WHAT YOU HAVE TO DO -
What is needed is an exact transcription of the listing, with the images removed.

INFORMATION PROVIDED -
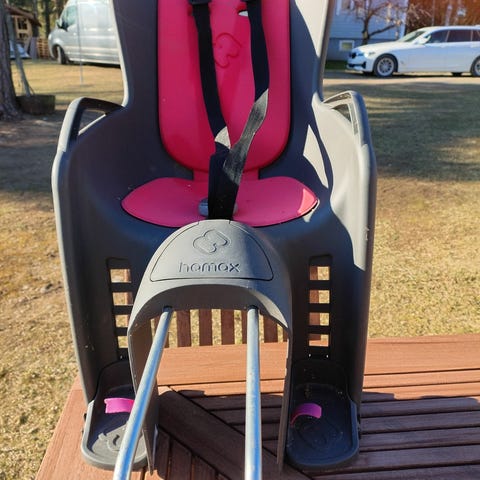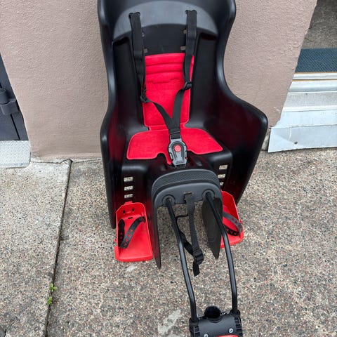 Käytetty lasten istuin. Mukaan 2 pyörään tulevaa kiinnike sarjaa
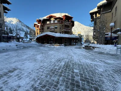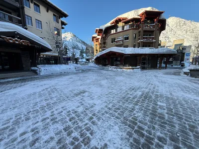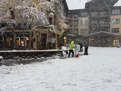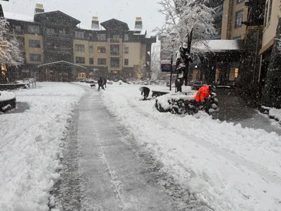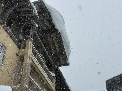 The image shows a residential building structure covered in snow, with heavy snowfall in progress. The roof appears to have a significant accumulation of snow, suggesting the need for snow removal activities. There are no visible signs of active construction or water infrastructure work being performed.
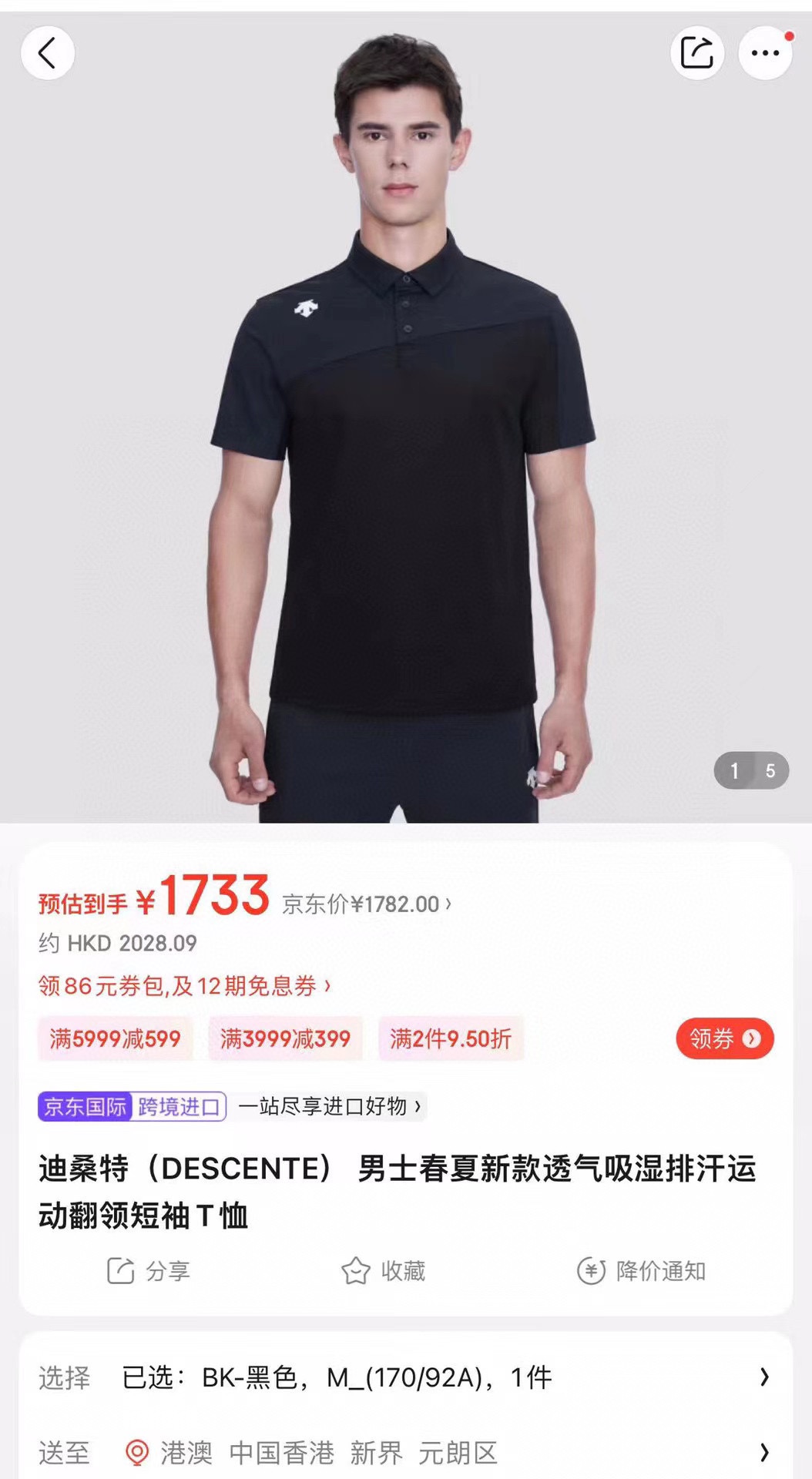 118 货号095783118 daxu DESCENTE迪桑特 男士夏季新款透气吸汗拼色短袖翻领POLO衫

SOLUTION TO THIS TASK -
 Käytetty lasten istuin. Mukaan 2 pyörään tulevaa kiinnike sarjaa
 The image shows a residential building structure covered in snow, with heavy snowfall in progress. The roof appears to have a significant accumulation of snow, suggesting the need for snow removal activities. There are no visible signs of active construction or water infrastructure work being performed.
 118 货号095783118 daxu DESCENTE迪桑特 男士夏季新款透气吸汗拼色短袖翻领POLO衫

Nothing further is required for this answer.